▸ Work request
Every line from the one containing "Star Patch Rhinestone Wide-Leg Denim Pants" to the end of the data below should be copied exactly, but pictures should not.

(Source records)
--------------------------------

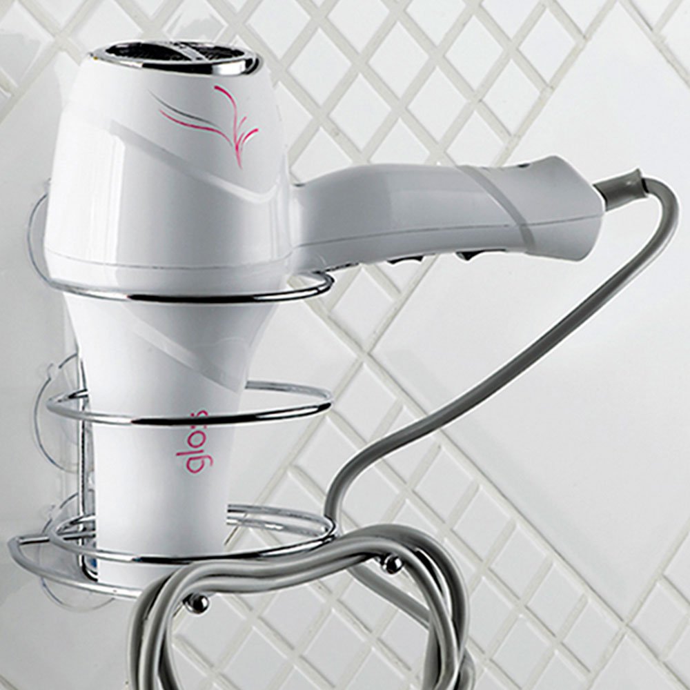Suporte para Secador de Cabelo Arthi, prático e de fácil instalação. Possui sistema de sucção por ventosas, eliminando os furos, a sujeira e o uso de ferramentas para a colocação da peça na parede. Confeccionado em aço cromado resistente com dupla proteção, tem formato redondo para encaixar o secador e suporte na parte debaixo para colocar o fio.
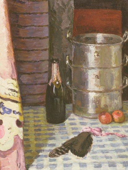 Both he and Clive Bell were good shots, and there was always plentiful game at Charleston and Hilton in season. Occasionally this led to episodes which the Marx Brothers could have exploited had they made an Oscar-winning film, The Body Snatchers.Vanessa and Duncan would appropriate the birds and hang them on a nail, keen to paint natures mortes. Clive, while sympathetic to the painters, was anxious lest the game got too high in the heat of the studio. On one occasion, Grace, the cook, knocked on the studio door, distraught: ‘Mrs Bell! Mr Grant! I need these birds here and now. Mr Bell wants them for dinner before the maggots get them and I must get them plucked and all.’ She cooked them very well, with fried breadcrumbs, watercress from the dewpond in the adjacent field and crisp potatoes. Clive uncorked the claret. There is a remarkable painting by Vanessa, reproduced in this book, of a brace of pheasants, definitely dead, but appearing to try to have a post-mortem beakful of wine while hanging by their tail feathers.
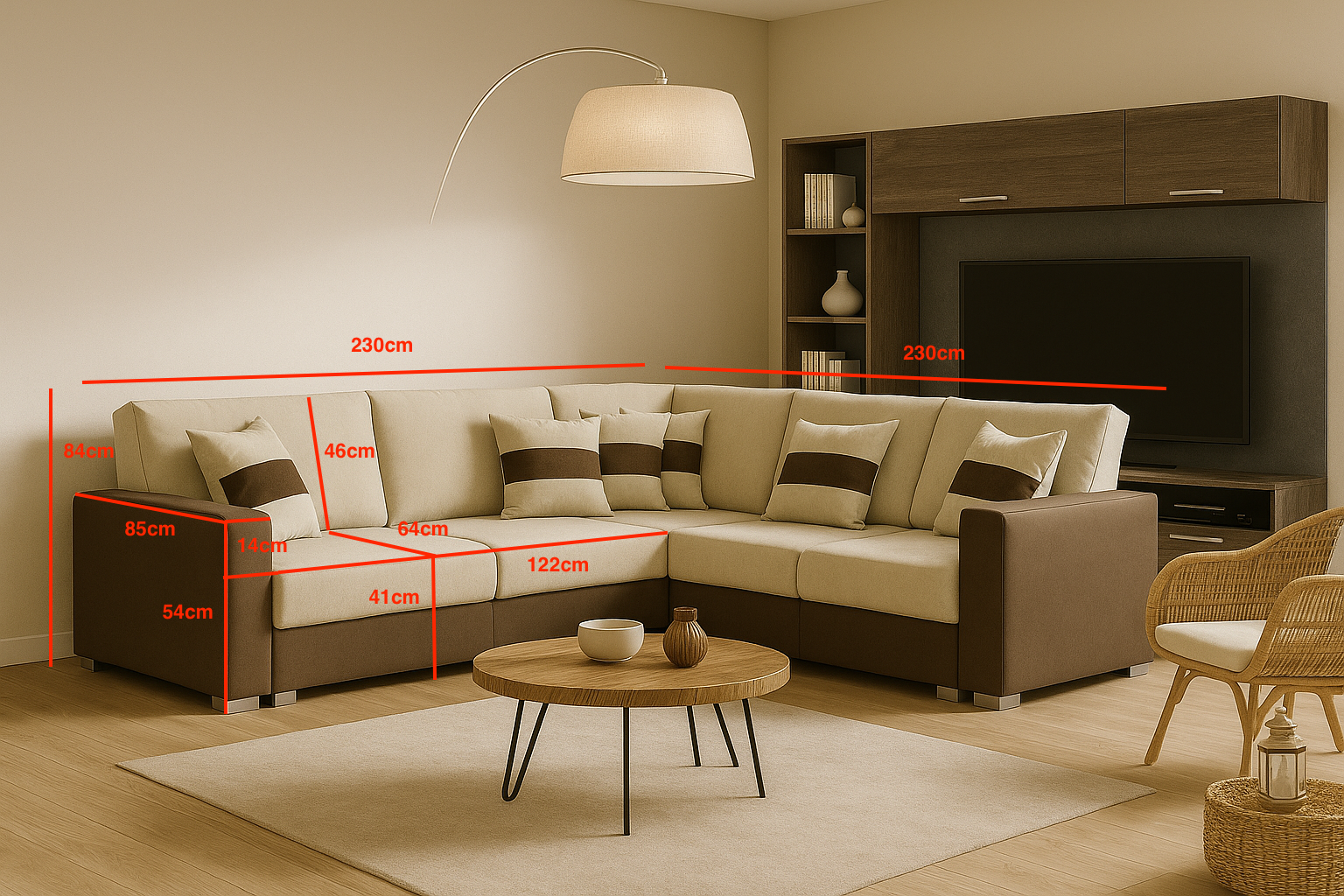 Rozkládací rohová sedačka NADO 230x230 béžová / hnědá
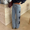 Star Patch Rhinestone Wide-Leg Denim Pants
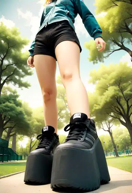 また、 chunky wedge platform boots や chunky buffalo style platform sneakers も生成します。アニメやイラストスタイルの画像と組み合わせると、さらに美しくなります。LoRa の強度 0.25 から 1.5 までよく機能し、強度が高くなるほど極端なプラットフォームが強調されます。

--------------------------------

▸ Task solution
 Star Patch Rhinestone Wide-Leg Denim Pants
 また、 chunky wedge platform boots や chunky buffalo style platform sneakers も生成します。アニメやイラストスタイルの画像と組み合わせると、さらに美しくなります。LoRa の強度 0.25 から 1.5 までよく機能し、強度が高くなるほど極端なプラットフォームが強調されます。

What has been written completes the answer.